In case you missed it, an interesting new poll from the Hollywood Reporter and Morning Consult finds that Americans perceive local news and network news outlets like ABC and CBS to be more credible than cable news outlets like CNN, MSNBC and Fox News.
The study ranked the major news outlets in terms of audience credibility, with ABC and CBS at the top (yet at only 63%).
The Wall Street Journal was the highest rated newspaper — about 5 points below ABC/CBS, and just a touch higher than the New York Times.
Interestingly, NPR and MSNBC were near the bottom — leaving us to wonder about other major newspaper sites, online-only news sites, wire services like AP and Thompson Reuters and PBS.
Another part of the study asked what news source folks most trusted. Radio came out on top, ahead of newspapers; then came network news, with cable news last.

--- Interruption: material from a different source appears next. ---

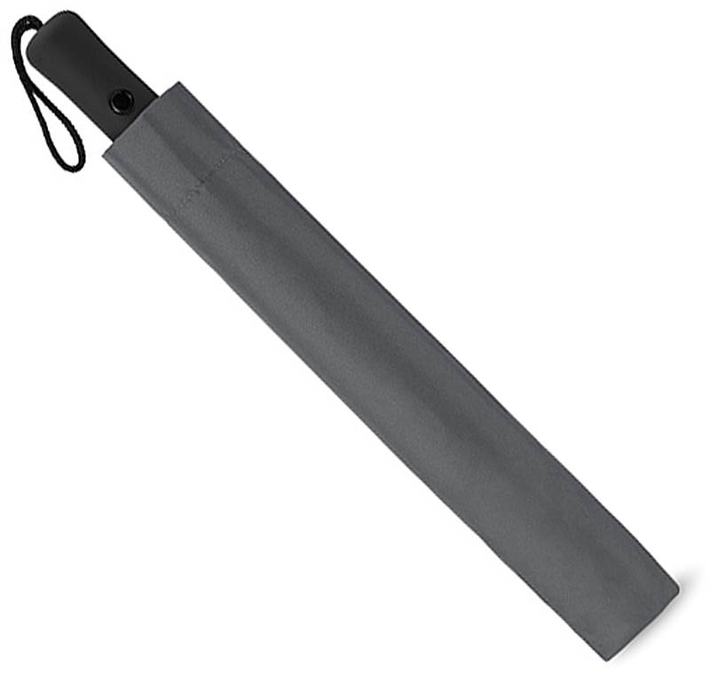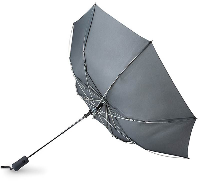 | Popis | Dvoudílný skládací deštník ze 190T polyesteru s automatickým otevíráním má ocelovou konstrukci, černé pogumované držadlo z ABS plastu s poutkem a pouzdro v odpovídající barvě. |

I am trying to wrap my head around how radio could be tops in credibility with NPR ranked so low. I know there was a time years ago when many New Yorkers tuned in to the “all news all the time” radio station whenever major news was developing. But I was under the impression that between the rise of CNN and a mobile phone in every pocket or purse, that radio had been confined to what you were forced to listen to in cabs and elevators. I guess satellite radio and Bluetooth haven’t killed drive-time radio (yet).
I was somewhat heartened to see ABC, CBS and NBC maintain credibility with most audiences, given the endless charges of inaccuracy and fake news from the band of thieves and con artists occupying the current White House. But since the approvals topped at 63%, that means that close to 40% of Americans do not find them credible.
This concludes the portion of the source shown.